The original recipe was for making a dill bread.  I like dill but not in my bread so I made a couple of changes and ended up with what I'm calling Garlic Rye Bread.  So, here it is.

1 pkg. (1/4 oz.) active dry yeast
1/4 cup warm water (110 to 115 degrees)
1 cup warm 2% milk (110 to 115 degrees)
2 Tbsp. butter, softened
2 Tbsp. sugar
1 egg
1 Tbsp.

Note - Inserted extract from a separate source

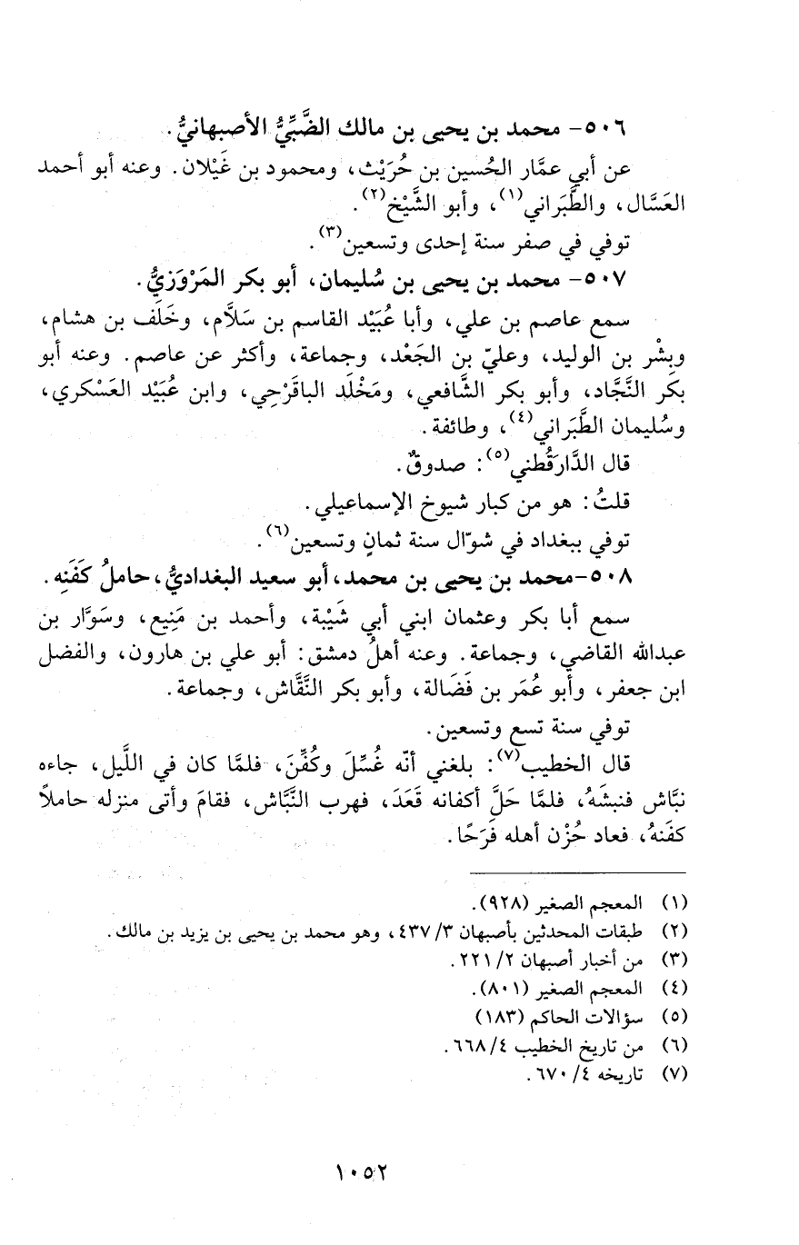 506 - محمد بن يحيى بن مالك الضَّبِّيُّ الأصبهانيُّ. [الوفاة: 291 - 300 ه]

Caraway seeds
1 heaping Tbsp. of roasted minced garlic
1/2 tsp. salt
3 cups all-purpose flour

In a large bowl, dissolve yeast in warm water.  Add the milk, butter, sugar, eggs, caraway seed, garlic, salt and 1 1/2 cups of the flour.  Beat on low speed for 3 minutes.  Using a spoon, stir in the remaining flour (batter will be sticky).  Cover with plastic wrap coated with non-stick cooking spray.  Place in a warm place until double in size, about 1 hour. 

Spray 2 loaf pans (8 x 4) with non-stick spray.  Using a spoon, stir down the batter.  Spoon half into each pan.  Again cover and let rise until doubled in size, about 45 minutes.

Bake at 350 degrees for 30- 35 minutes.  Cool for 10 minutes before removing from pan.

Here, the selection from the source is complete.